Die Urteilsabsetzungsfrist

„Iudex non calculat“ lautet ein alter römischrechtlicher Grundsatz. Frei übersetzt: der Richter rechnet nicht. Ursprünglich war damit gemeint, dass nicht die Zahl der Beweismittel den Ausschlag gegen soll, sondern deren Qualität. Das nennt man heutzutage Grundsatz der freien richterlichen Beweiswürdigung (§ 261 StPO). Dass der Richter nicht rechnen können muss, wie manche Zivilrechtskollegen unter Hinweis auf § 319 ZPO mit einem Augenzwinkern behaupten, ist kein überlieferter Grundsatz und trifft in dieser Allgemeinheit nicht zu. Im Gegenteil: Fehler bei der Berechnung der Urteilsabsetzungsfrist können für das Urteil tödlich sein!

Die Urteilsabsetzungsfrist – von wegen „iudex non calculat“!

Diese Erfahrung mussten unlängst die Kollegen Landgerichts Hamburg machen, denen der 5. Strafsenat des Bundesgerichtshofs (BGH, 12.11.2019, 5 StR 542/19) in einer Schwurgerichtssache ein „sehr sorgfältig begründetes Urteil“ bescheinigte. Allein: es war zu spät, nämlich erst einen Tag nach Ablauf der Absetzungsfrist des § 275 Abs. 1 S. 2 StPO unterschrieben und zur Akte gebracht worden. Die Urteilsverkündugng war am Montag, den 3. Juni 2019 gewesen, die in diesem Fall neunwöchige Absetzungsfrist hätte am Montag, den 5. August 2019, geendet. An einem „nicht voraussehbaren unabwendbaren Umstand“, der eine Fristüberschreitung ausnahmsweise gerechtfertigt hätte, fehlte es. Die Kammer hatte sich schlicht über das Datum des Fristablaufs geirrt, mit der Folge, dass das ansonsten offenbar handwerklich gut gemachte Urteil komplett aufgehoben und die Sache zur neuen Verhandlung und Entscheidung zurückverwiesen wurde!

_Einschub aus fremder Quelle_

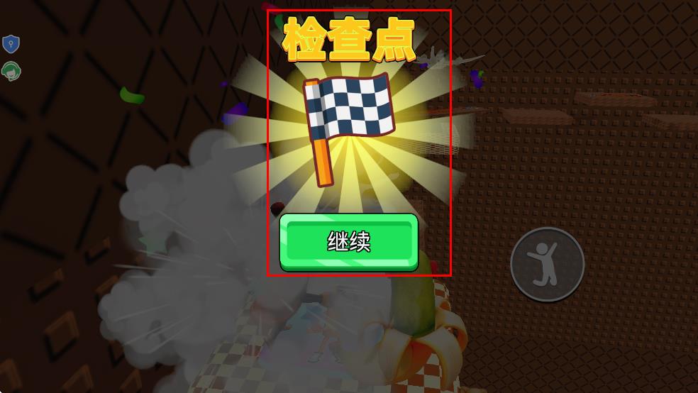 4、到达检查点后,点击绿色的继续按钮,推进关卡流程进入后续挑战环节。
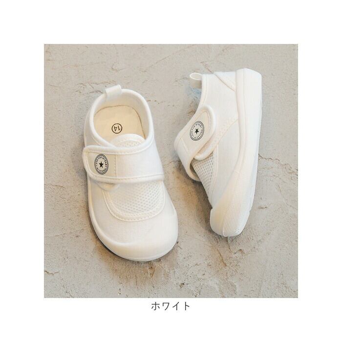 ・混雑する学校の昇降口でもスポッと履ける!面ファスナーベルトが足の甲にぴったりとフィットして、脱ぎ履きスムーズ。
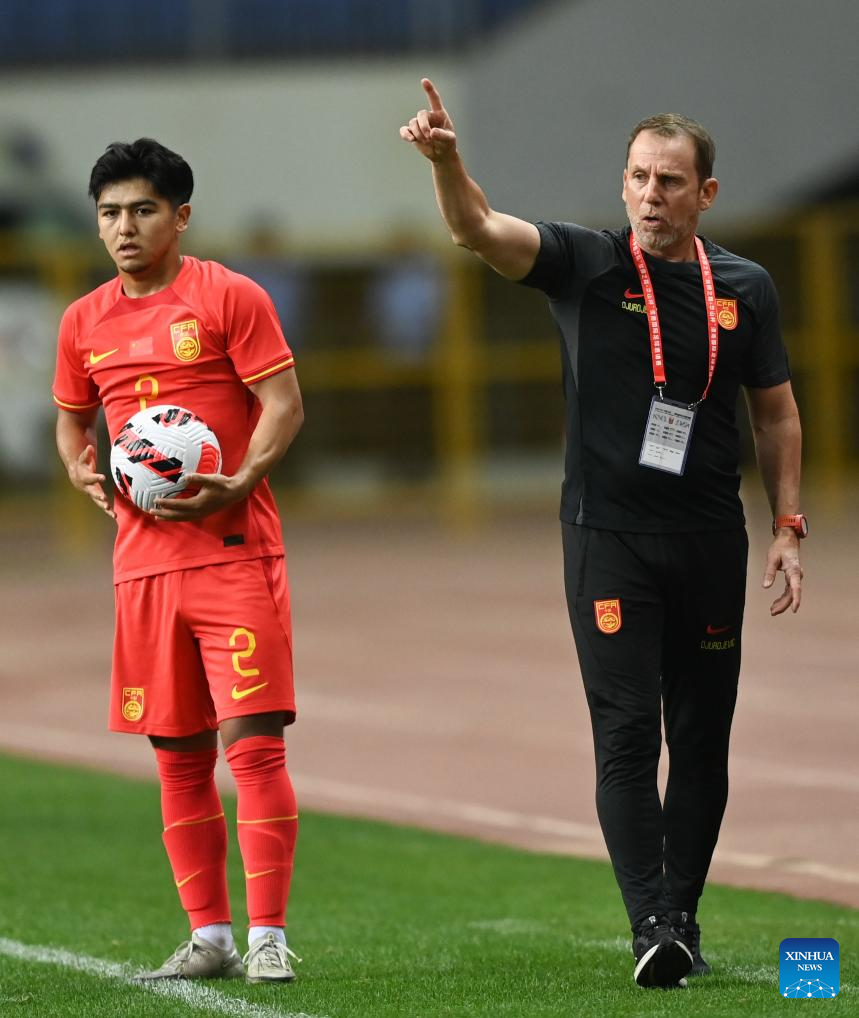 Dejan Djurdjevic (R), head coach of China, gestures during a friendly football match between the U19 teams of China and Vietnam in Weinan, northwest China's Shaanxi Province, June 4, 2024. (Xinhua/Zou Jingyi)
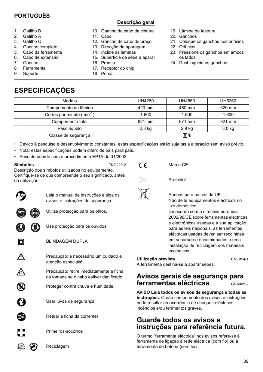 - Peso de acordo com o procedimento EPTA de 01/2003 END220-2 Símbolos Descrição dos símbolos utilizados no equipamento. Certifique-se de que compreende o seu significado, antes da utilização. Leia o manual de instruções e siga os avisos e instruções de segurança. Utilize protecção para os olhos. Use protecção para os ouvidos. BLINDAGEM DUPLA Precaução: é necessário um cuidado e atenção especiais! Precaução: retire imediatamente a ficha da tomada se o cabo estiver danificado! Proteger contra chuva e humidade! Usar luvas de segurança! Retirar a ficha da corrente! Primeiros-socorros Reciclagem Marca CE Proibido! Apenas para países da UE Não deite equipamentos eléctricos no lixo doméstico! De acordo com a directiva europeia 2002/96/CE sobre ferramentas eléctricas e electrónicas usadas e a sua aplicação para as leis nacionais, as ferramentas eléctricas usadas deven ser recolhidas em separado e encaminhadas a uma instalação de reciclagem dos materiais ecológicos. Utilização prevista A ferramenta destina-se a aparar sebes. ENE014-1 Avisos gerais de segurança para GEA005-2 ferramentas eléctricas AVISO Leia todos os avisos de segurança e todas as instruções. O não cumprimento dos avisos e instruções pode resultar na ocorrência de choques eléctricos, incêndios e/ou ferimentos graves. Guarde todos os avisos e instruções para referência futura. O termo "ferramenta eléctrica" nos avisos refere-se à ferramenta de ligação à rede eléctrica (com fio) ou à ferramenta de bateria (sem fio).
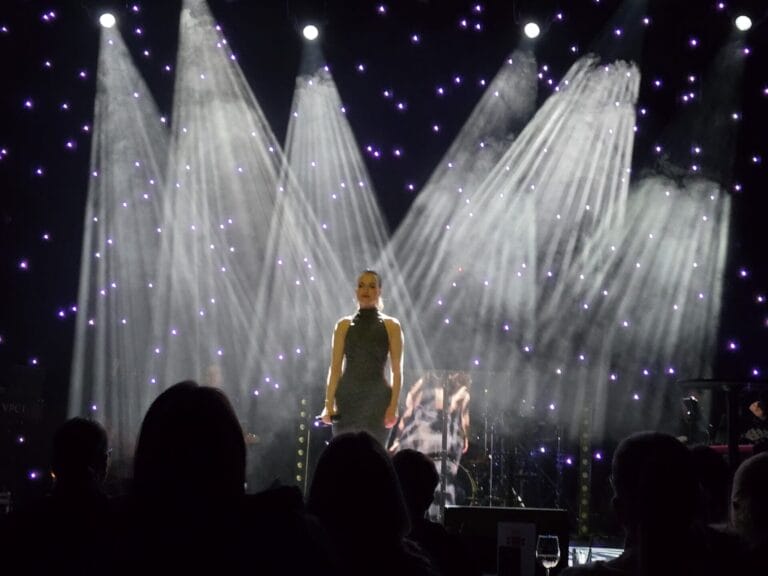 Drei blaue Männer und eine Band, die sehr laute Töne anschlägt, wird den Zuschauern in Berlin geboten. Um empfindliche Ohren zu schützen, werden dafür am Eingang extra Ohrstöpsel verteilt. Ja, man muss sagen, die Lautstärke wird hier schon ordentlich aufgedreht. Dafür macht sie das Show-Erlebnis aber auch noch intensiver. Allgemein spielt die Musik eine große Rolle in der Show, gerade in der zweiten Hälfte verwandelt die Blue Man Group den Saal in einen Club. Es erklingen angeteasert Songs wie “99 Luftballons”, während später riesige Bälle durchs Publikum fliegen. Dabei zeigt sich die Lichttechnik topmodern und sehr beeindruckend.
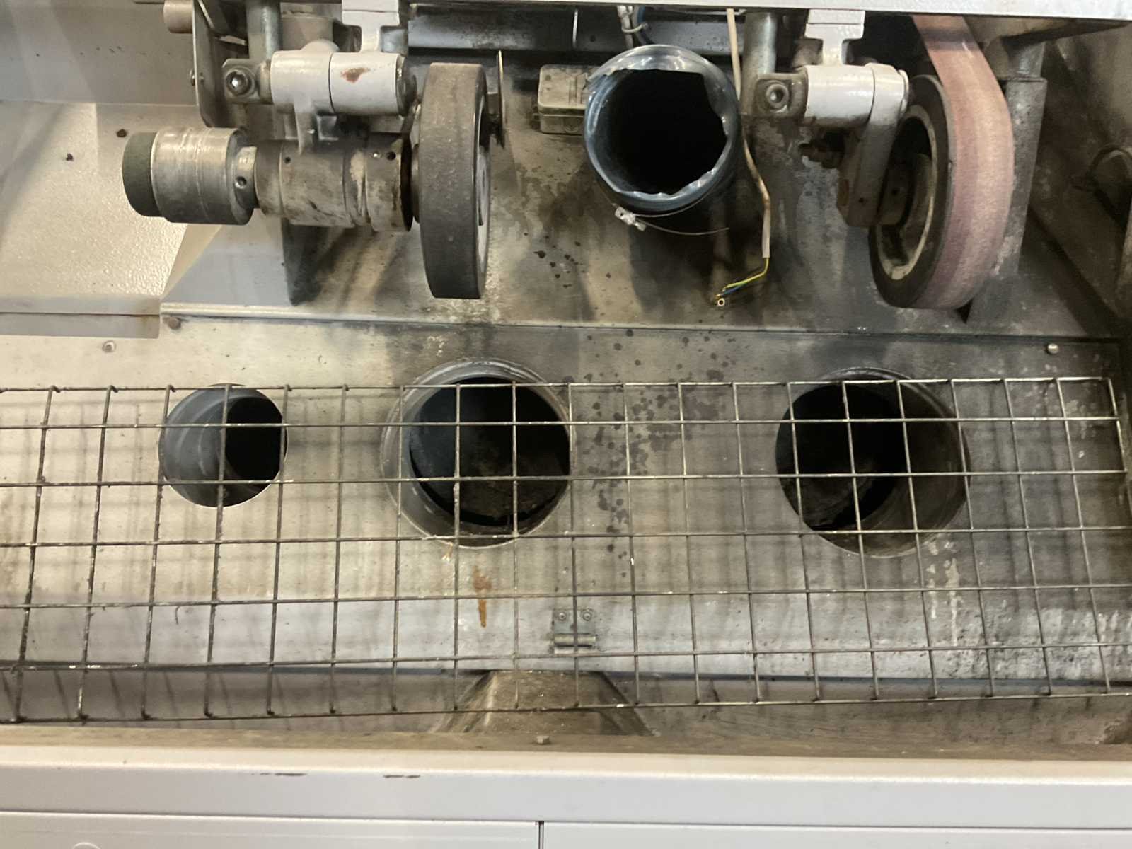 (2x) elektrisch aangedreven schuur-/polijstband; maximale werkbreedte 40 mm; voorzien van afzuigslang; gemonteerd op ladenkast Aansluiting: 400V Totale afmeting L: 1350mm Totale afmeting Breedte: 750mm Totale afmeting Hoogte: 1700mm
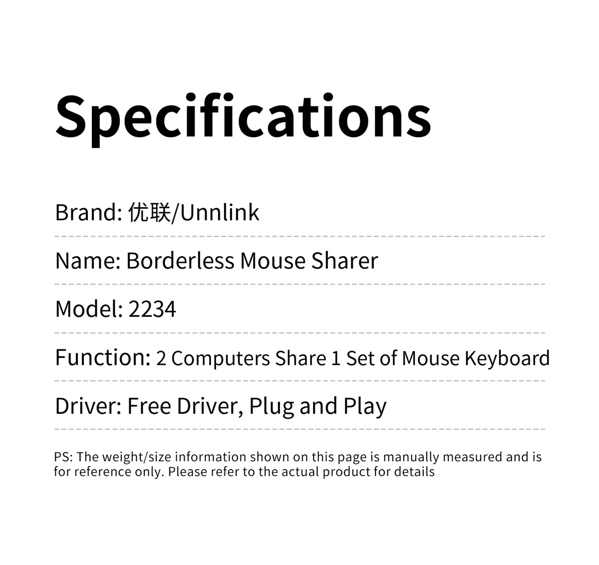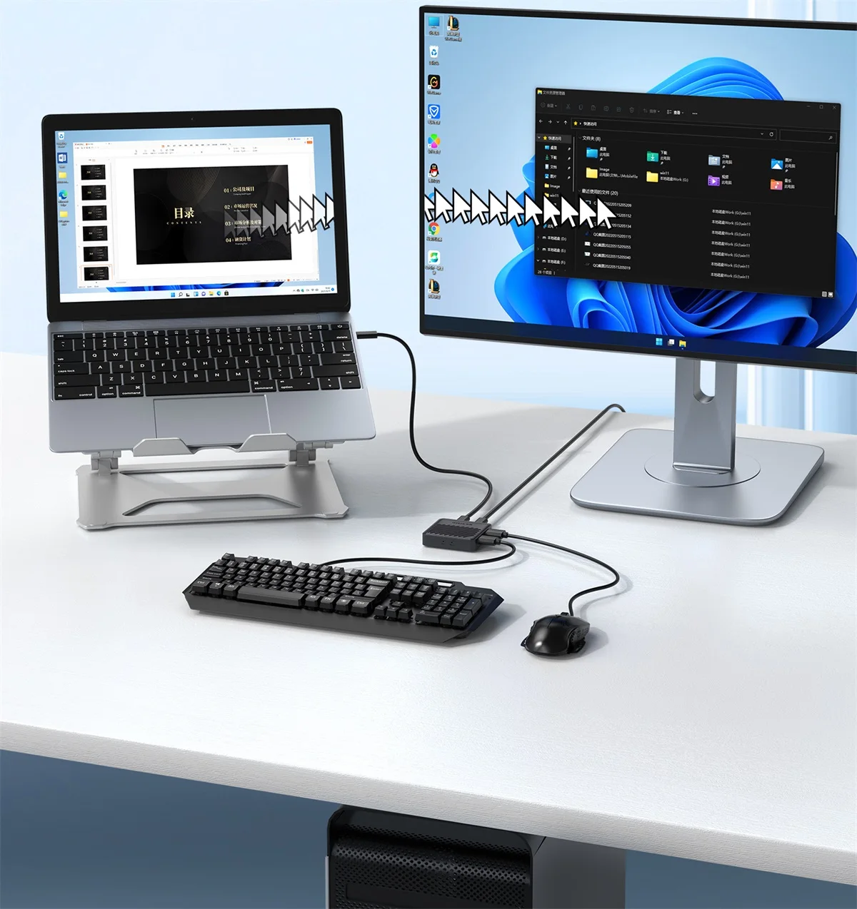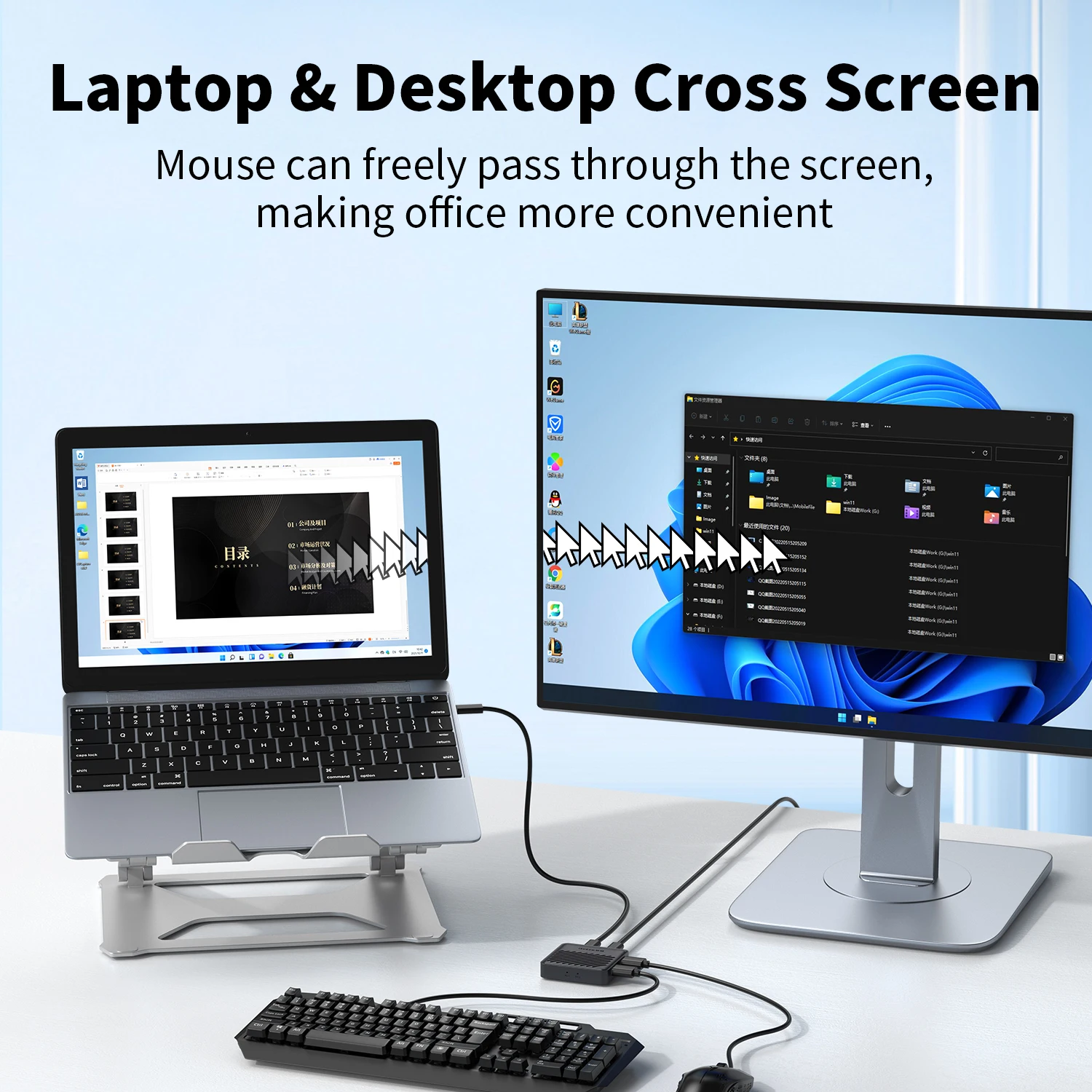 Перекрестный экран мыши Unnlink без рамок, два компьютера доступают одну мышь и клавиатуру. USB-переключатель KVM для Windows, Mac, Linux.
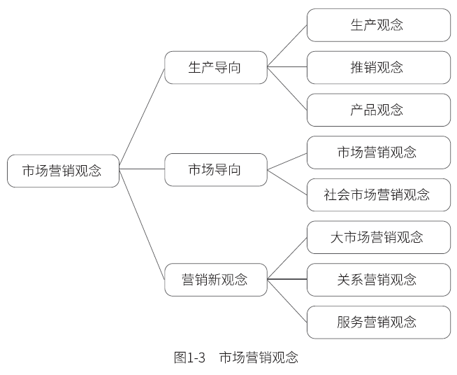 传统的以生产为导向的市场营销观念包括生产观念、推销观念、产品观念;现代的以 市场为导向的市场营销观念包括市场营销观念、社会市场营销观念;市场营销新观念包括 大市场营销观念、关系营销观念、服务营销观念。本节将具体阐述各阶段不同的市场营销 观念(见图1 - 3)。
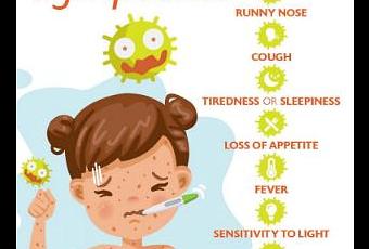 - Rash. It usually starts at the hairline and spreads to the neck, torso, limbs, feet, and hands.
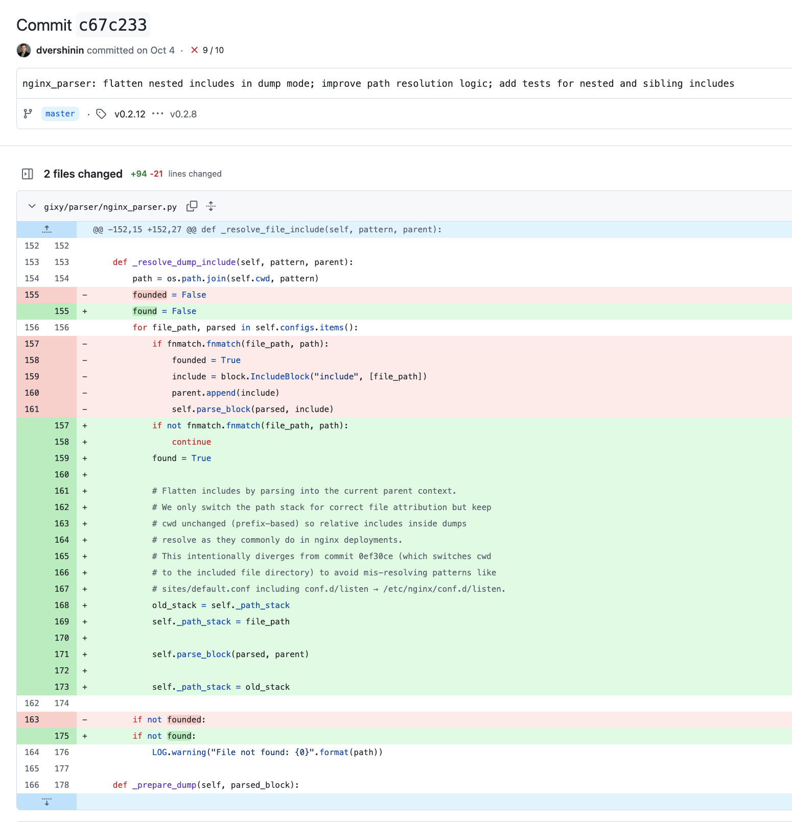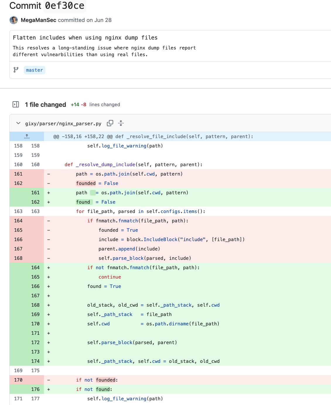 if(...). - Ensured that output was deterministic (the same nginx configuration’s scan output was ordered in the exact same way, every run).
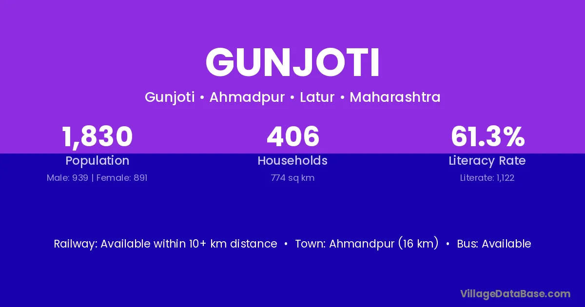 Ahmandpur (16 km) is the nearest town to Gunjoti village for major economic activities and is located approximately 16 km away.
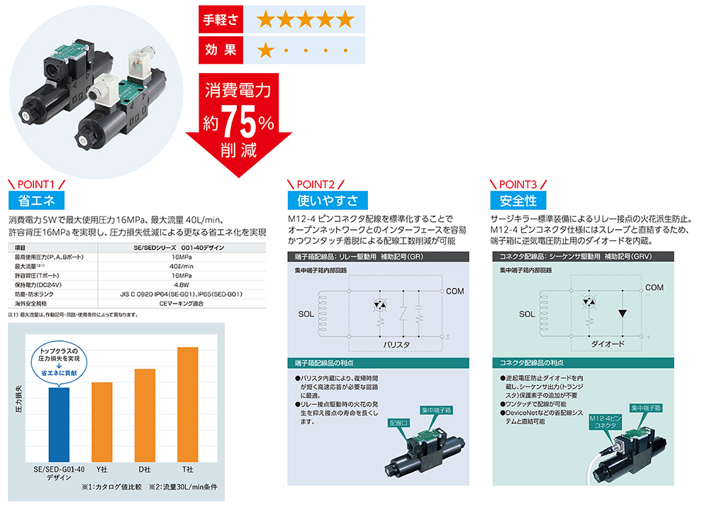 ■端子箱/DINコネクタ配線とM12-4ピンコネクタ配線を 備えた省エネ設計でNACHI史上最高レベルの低電力形ソレノイドバルブを実現

Wichtig für Verteidiger: eine zulässig erhobene Verspätungsrüge setzt gemäß § 344 Abs. 2 S. 2 StPO voraus, dass das Datum der Urteilsverkündung, die Zahl der Hauptverhandlungstage, der Fristablauf und der Zeitpunkt, an dem das Urteil zu den Akten gelangt ist, vorgetragen werden!